I am changing my TensorFlow code from the old queue interface to the new Dataset API . In my old codec, I tracked the era score, while increasing tf.Variable every time a new input tensor gets access and is processed in the queue. I would like this epoch counter with the new Dataset API, but I am having problems with its operation.
Since I create a variable number of data elements at the pre-processing stage, this is not just a question of increasing the counter (Python) in the training cycle - I need to calculate the epoch counter with respect to entering queues or a data set.
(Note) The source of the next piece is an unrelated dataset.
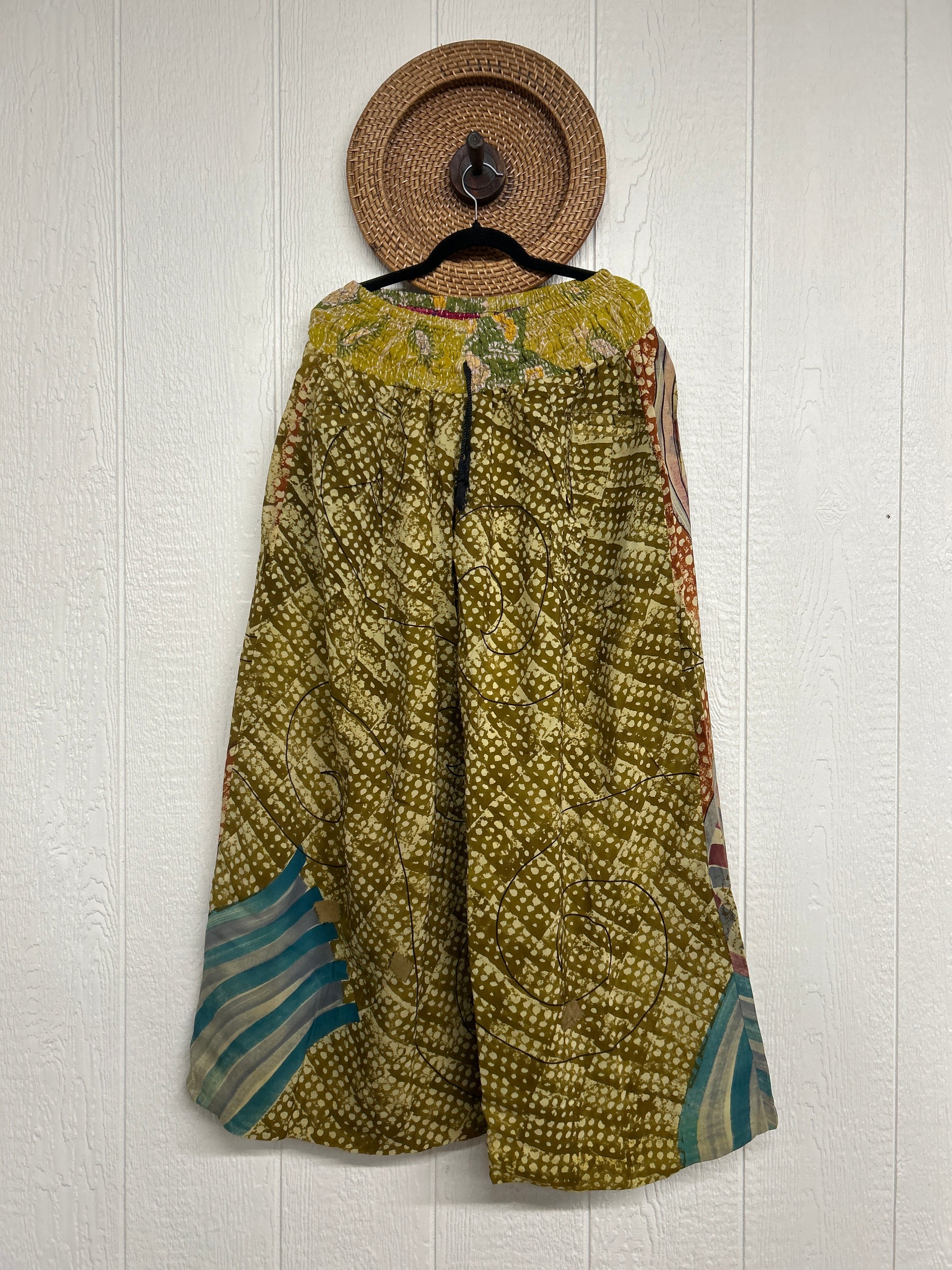 Crafted from vintage double crepe sari these pants feature wide legs, pleating, exterior and interior pockets making them fully reversible, and a stretchy waistband with a drawstring.

I emulated what I had before with the old queue system, and here is what I got for the Dataset API (simplified example):
with tf.Graph().as_default(): data = tf.ones(shape=(10, 512), dtype=tf.float32, name="data") input_tensors = (data,) epoch_counter = tf.Variable(initial_value=0.0, dtype=tf.float32, trainable=False) def pre_processing_func(data_): data_size = tf.constant(0.1, dtype=tf.float32) epoch_counter_op = tf.assign_add(epoch_counter, data_size) with tf.control_dependencies([epoch_counter_op]):
However, this does not work. It crashes with a cryptic error message:
TypeError: In op 'AssignAdd', input types ([tf.float32, tf.float32]) are not compatible with expected types ([tf.float32_ref, tf.float32])
A closer check reveals that the epoch_counter variable epoch_counter not be available in pre_processing_func at all. Can he live on a different schedule?
Any idea how to fix the above example? Or how to get an era counter (with decimal points, for example 0.4 or 2.9), using some other means?